Go through the listing below and output exactly the line with "近日,奧巴馬到佛羅里達(dá", the line with "Edna has her", and each line between; omit the rest.

| Information provided |

+ + + + + + +

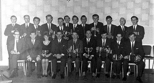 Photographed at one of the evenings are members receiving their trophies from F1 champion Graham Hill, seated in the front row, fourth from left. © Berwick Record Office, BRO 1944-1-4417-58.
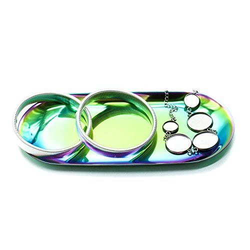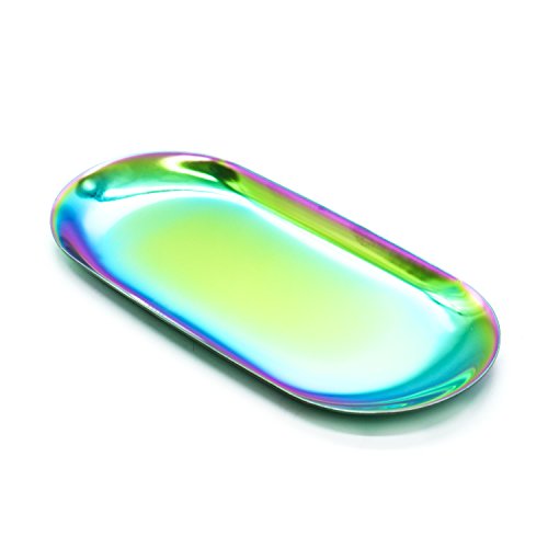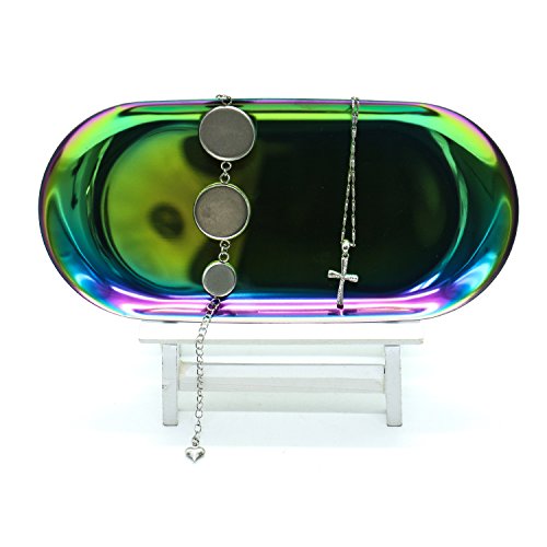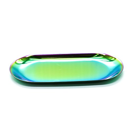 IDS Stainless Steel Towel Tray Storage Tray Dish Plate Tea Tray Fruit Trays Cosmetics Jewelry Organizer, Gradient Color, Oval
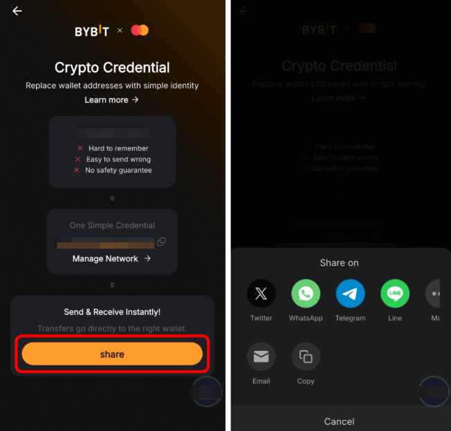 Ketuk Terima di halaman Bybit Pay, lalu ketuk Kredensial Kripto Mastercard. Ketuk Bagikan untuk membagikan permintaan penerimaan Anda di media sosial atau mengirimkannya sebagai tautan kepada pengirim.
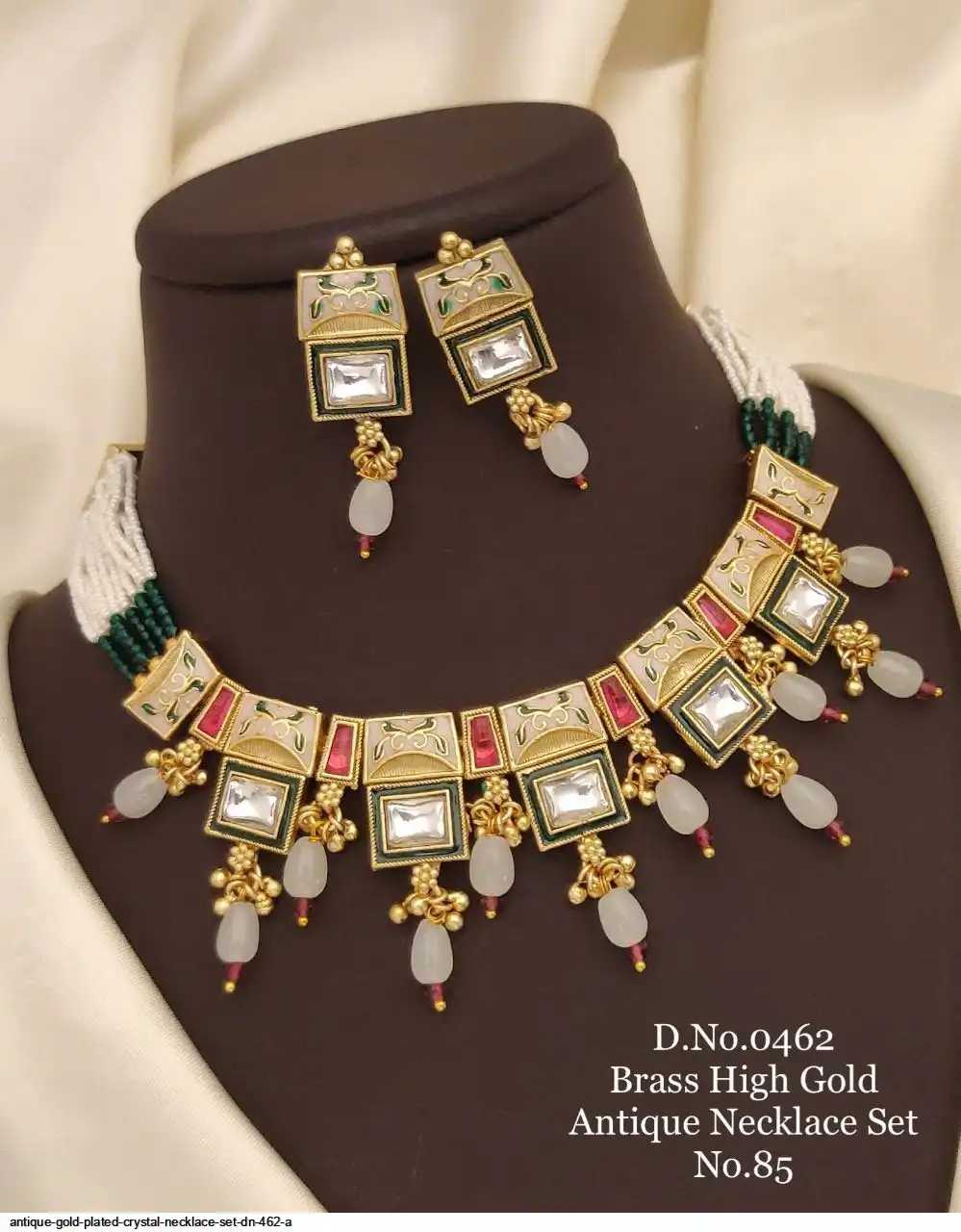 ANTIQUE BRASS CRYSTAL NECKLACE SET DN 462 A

+ + + + + + +

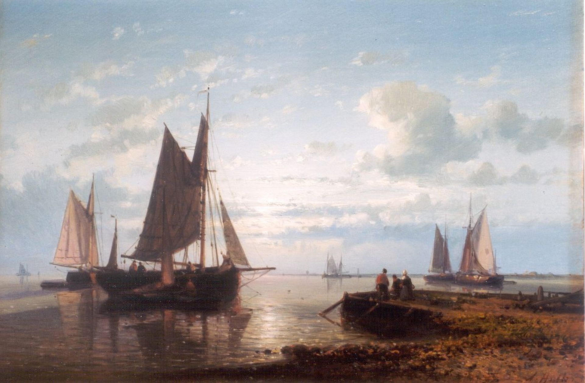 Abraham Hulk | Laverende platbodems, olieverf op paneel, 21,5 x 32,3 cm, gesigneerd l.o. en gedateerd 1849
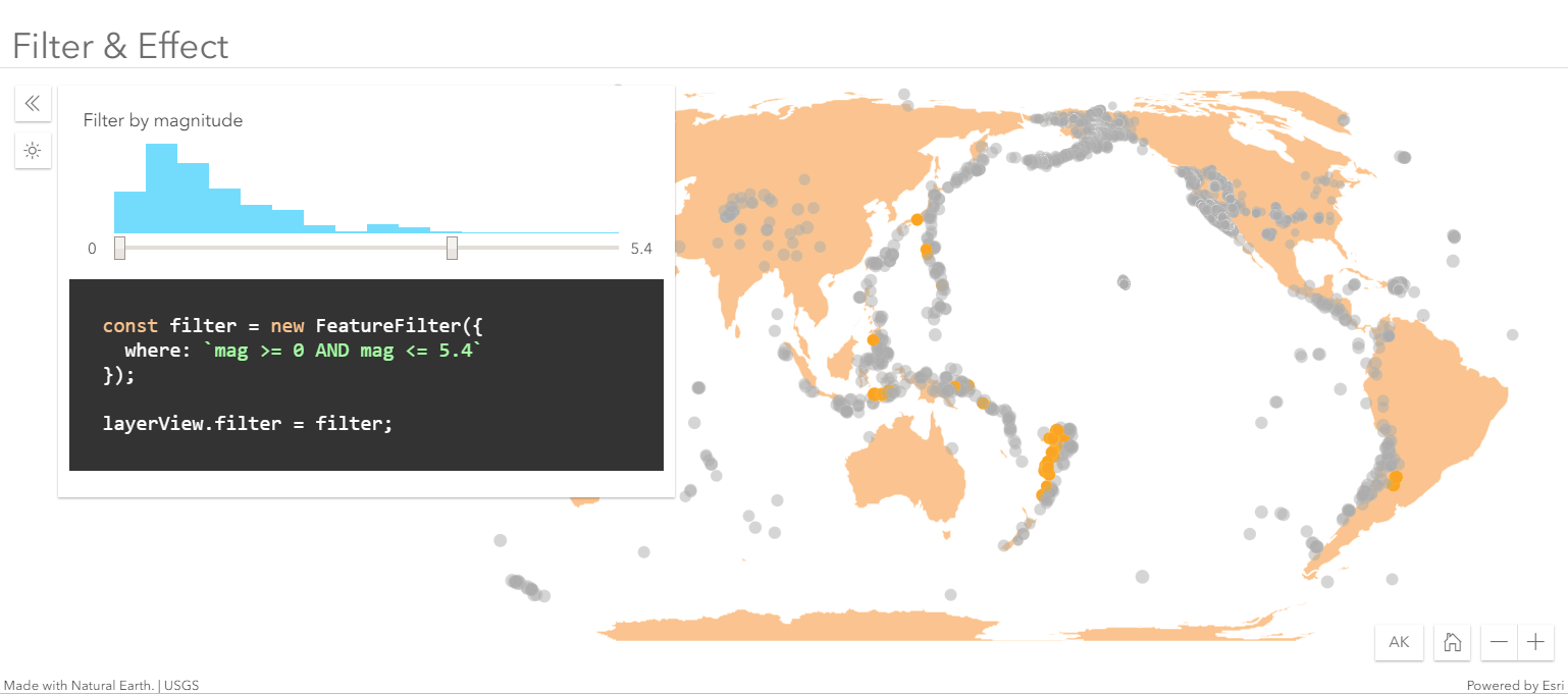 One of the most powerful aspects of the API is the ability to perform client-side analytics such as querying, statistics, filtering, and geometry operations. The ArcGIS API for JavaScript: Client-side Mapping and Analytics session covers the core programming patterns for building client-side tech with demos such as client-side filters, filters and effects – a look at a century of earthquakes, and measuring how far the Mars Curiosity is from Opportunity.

+ + + + + + +

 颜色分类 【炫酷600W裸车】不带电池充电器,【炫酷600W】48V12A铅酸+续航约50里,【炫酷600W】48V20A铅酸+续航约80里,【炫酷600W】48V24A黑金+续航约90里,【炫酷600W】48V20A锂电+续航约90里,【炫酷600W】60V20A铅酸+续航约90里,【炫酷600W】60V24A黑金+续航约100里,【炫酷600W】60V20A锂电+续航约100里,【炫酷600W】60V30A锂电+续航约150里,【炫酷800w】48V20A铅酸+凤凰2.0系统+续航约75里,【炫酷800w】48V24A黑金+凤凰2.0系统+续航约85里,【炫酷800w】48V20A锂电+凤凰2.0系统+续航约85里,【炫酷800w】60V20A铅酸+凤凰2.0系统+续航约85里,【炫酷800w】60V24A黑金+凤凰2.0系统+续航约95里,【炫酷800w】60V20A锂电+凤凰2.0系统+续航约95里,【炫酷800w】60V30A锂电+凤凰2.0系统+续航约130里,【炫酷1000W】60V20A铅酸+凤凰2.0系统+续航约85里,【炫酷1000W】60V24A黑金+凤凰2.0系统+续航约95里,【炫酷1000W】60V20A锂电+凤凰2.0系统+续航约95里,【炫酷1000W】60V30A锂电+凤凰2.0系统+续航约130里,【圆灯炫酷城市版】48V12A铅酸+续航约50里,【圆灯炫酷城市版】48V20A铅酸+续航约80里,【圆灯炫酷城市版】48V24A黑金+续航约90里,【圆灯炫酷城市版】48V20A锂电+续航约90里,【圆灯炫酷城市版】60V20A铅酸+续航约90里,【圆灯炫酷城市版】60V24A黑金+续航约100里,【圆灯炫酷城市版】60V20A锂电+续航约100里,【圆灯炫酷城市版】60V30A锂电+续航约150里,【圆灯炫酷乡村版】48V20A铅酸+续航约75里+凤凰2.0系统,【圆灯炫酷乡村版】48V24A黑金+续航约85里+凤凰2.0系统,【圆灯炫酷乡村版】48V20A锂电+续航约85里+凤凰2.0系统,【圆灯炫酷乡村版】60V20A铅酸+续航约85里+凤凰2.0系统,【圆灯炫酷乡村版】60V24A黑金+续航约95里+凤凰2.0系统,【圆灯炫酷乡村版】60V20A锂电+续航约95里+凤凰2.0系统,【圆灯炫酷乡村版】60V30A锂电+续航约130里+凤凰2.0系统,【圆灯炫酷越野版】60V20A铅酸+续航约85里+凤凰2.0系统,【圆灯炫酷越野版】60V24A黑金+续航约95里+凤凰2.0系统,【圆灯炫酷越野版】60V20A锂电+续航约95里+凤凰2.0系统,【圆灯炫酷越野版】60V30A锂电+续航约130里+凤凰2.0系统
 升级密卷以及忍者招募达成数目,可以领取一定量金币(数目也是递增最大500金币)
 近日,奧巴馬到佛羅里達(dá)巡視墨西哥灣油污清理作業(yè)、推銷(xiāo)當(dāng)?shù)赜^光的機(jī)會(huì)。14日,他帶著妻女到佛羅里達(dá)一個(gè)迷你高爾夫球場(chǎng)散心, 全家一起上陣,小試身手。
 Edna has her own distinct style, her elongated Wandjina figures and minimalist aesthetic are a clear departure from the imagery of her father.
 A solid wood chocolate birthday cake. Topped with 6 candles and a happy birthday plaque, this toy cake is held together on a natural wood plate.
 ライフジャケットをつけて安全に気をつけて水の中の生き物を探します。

+ + + + + + +

| Task answer |
 近日,奧巴馬到佛羅里達(dá)巡視墨西哥灣油污清理作業(yè)、推銷(xiāo)當(dāng)?shù)赜^光的機(jī)會(huì)。14日,他帶著妻女到佛羅里達(dá)一個(gè)迷你高爾夫球場(chǎng)散心, 全家一起上陣,小試身手。
 Edna has her own distinct style, her elongated Wandjina figures and minimalist aesthetic are a clear departure from the imagery of her father.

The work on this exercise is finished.